NOTE: A larger version of this story will appear in the winter edition of Concordia University’s Broadcaster magazine.
November 9, 2019, is the day Concordia cross country truly returned to prominence. Forget about the trophy and the banner for a moment. Feel-good stories had to emerge, the right mix of athletes had to be brought together and meshed into a family and certain mental barriers had to be broken down. It’s what made that day so special. Tears of joy, happiness and relief poured out on that date.
It’s these types of moments that transcend the world of sports. Seniors like Rebekah Hinrichs had wanted this moment her whole career. It wasn’t for lack of effort that the Bulldog women’s cross country team failed to finish better than fourth in the GPAC since 2012. Whatever frustrations were previously felt, they were carried away by light winds on an unseasonably warm November day.
Says Hinrichs, “It was a surreal moment for sure. I had a lot of emotions going. I cried for sure. I cried in relief of being part of this amazing team that has been working all season. We just came together to thank God for all He has given us.”
The emotions of Hinrichs mirrored those of head coach Matt Beisel and her teammates.
Said junior Alyssa Fye, “I don’t know if I quite believe it yet that we won conference and we’re going to Vancouver, Washington, to compete at nationals.”
Said freshman Kylahn Heritage, “It was pretty crazy, really surreal. I still haven’t fully processed it because it’s such a big deal.”
Said junior Sydney Clark, “I was able to look at my teammates and know they put everything they had into it – so did I. That’s how we got there. That was super cool.”
Added Beisel, “I got pretty choked up myself. I couldn’t speak. I really didn’t have the words to express how I felt – I still don’t.”
What Beisel’s squad did was achieve something that the program had not done since 2005 – win a conference championship. The Concordia women’s team had effectively “closed the gap” as the motto for both the men and women’s squad has been all season. For the first time since 2011, the Bulldogs will take a women’s team to the NAIA Cross Country National Championships.
This is more like it for a program that has experienced astounding success, particularly from 1999 through 2005 when it won four conference titles and placed second nationally three times under previous head coach Kregg Einspahr. The question is: how did they get back here?
Ranked third in the GPAC preseason poll, Concordia was not necessarily expected to beat out perennially strong teams in the conference such as Dordt and Northwestern (both nationally ranked to begin the fall). The Bulldogs brought back a great deal of their 2018 team, but said goodbye to top runner Taylor Grove, the program’s lone national qualifier a year ago.
Concordia reached this point by building a familial atmosphere – and with some talent and dedication of course. Explains Fye, “Our team chemistry has been really good this season. That’s helped a lot. I’m just amazed by how much our team pushes each other. When someone has a bad day or bad workout, it’s fine. Get the next one. You just push each other.”

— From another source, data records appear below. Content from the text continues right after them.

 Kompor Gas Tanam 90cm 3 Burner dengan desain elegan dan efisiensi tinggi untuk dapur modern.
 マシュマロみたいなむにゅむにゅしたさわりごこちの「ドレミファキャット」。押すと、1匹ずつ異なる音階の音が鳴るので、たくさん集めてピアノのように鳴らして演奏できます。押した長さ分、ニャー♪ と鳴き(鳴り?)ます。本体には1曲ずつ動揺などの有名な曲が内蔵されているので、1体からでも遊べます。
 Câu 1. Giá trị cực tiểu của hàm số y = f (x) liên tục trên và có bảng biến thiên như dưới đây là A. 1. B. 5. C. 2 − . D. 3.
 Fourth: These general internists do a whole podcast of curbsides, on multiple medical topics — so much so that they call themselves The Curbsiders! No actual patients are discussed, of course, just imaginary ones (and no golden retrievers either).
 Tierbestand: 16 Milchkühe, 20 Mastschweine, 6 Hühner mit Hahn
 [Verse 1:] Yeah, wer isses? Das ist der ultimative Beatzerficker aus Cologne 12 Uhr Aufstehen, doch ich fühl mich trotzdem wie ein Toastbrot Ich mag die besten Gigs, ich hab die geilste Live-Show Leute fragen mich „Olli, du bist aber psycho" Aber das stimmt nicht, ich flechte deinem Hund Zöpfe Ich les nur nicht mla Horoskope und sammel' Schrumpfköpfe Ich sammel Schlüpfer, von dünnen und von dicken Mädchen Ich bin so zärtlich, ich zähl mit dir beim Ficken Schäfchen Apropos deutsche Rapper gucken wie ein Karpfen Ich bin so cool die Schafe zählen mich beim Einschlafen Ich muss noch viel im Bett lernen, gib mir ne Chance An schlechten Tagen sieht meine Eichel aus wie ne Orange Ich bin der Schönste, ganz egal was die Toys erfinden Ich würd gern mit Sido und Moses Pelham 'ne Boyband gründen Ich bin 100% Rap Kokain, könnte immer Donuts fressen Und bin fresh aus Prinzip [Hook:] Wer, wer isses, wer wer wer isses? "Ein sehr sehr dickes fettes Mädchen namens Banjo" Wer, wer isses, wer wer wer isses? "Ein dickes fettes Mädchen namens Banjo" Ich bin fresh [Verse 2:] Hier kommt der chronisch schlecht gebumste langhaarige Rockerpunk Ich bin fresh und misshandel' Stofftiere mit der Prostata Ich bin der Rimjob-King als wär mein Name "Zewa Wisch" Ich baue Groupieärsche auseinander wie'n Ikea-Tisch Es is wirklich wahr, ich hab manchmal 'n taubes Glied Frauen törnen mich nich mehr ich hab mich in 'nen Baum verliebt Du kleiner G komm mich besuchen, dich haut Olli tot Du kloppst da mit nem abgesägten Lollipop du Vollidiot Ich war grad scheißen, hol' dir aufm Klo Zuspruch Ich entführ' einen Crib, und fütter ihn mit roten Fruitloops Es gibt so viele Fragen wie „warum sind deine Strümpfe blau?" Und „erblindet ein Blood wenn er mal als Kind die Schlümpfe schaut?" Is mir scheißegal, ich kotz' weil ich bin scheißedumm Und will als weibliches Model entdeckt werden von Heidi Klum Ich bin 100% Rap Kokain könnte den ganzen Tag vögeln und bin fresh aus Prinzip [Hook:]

That sense of unity and “running for the one” has been a powerful motivator. Guided by Beisel, the Bulldogs are doing things they may not have thought capable of achieving.

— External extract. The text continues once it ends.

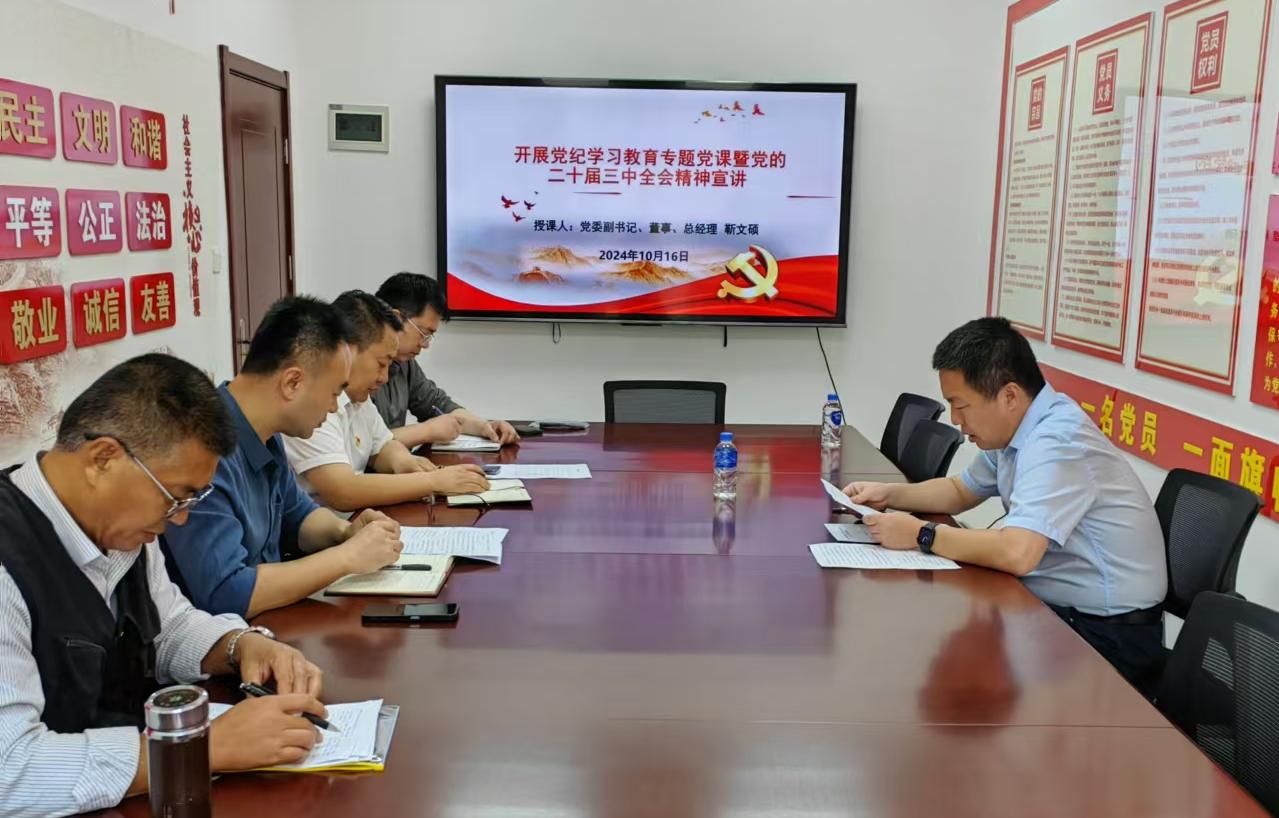 10月16日,公司黨委副書記、董事、總經(jīng)理靳文碩到建筑勞務(wù)公司開展黨紀(jì)學(xué)習(xí)教育專題黨課暨黨的二十屆三中全會精神宣講,勞務(wù)公司全體黨員參會。

Clark did not even run at the GPAC meet last year and has never scored in a GPAC track meet. She placed 12th at the GPAC Championships.
Sophomore Abi DeLoach did not make the varsity team her senior year of high school. She placed 18th at the GPAC Championships.

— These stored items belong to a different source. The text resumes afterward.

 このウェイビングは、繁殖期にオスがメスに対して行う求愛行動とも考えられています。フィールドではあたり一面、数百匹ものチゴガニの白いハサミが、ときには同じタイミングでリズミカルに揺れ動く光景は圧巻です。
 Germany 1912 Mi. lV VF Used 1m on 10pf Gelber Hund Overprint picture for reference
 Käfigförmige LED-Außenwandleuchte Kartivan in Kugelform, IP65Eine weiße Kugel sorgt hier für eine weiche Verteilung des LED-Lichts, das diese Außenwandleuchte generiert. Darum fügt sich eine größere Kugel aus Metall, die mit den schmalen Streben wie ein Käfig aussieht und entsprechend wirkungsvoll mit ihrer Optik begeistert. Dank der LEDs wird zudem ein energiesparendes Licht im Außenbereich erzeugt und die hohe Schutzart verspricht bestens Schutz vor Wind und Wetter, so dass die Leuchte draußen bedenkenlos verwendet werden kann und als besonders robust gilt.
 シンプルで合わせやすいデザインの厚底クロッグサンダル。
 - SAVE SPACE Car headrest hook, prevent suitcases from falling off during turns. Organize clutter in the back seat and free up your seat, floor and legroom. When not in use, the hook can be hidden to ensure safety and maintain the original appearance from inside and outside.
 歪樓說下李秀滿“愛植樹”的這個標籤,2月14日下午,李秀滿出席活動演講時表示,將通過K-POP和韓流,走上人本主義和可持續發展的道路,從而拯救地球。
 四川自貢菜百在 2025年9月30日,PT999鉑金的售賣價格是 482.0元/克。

Fye played volleyball in high school and never ran cross country. She placed fourth at the GPAC Championships.
Hinrichs did not run cross country until her senior year of high school. She placed fifth at the GPAC Championships.
Freshman Bailie Vanarsdall was plagued by shin injuries in high school and struggled to reach her full potential. She placed 26th at the GPAC Championships.
We could go on … As Beisel explains, “I’ve always coached my teams with a belief in the idea of synergy. It’s the idea that the sum of the parts add up to more than the whole. In theory, 2+2 could equal 5 or 6 … It is so important to love and care about each other. We didn’t just let that happen accidentally.”
On Friday, Nov. 22, Beisel will lead his team into competition at the 2019 NAIA Cross Country National Championships at Fort Vancouver National Historic Site. More important than the trophy or the banner, this has been about seeking a goal and accomplishing it through togetherness and determination.
They set out to win a conference title and make it to nationals – and they did it. It doesn’t always work out that way in sports or in life. This team isn’t taking that for granted.
Says Clark, “Honestly it means everything to me. Freshman year I made it a goal before I graduated that I wanted to run at nationals. This is making my whole collegiate dream come true.”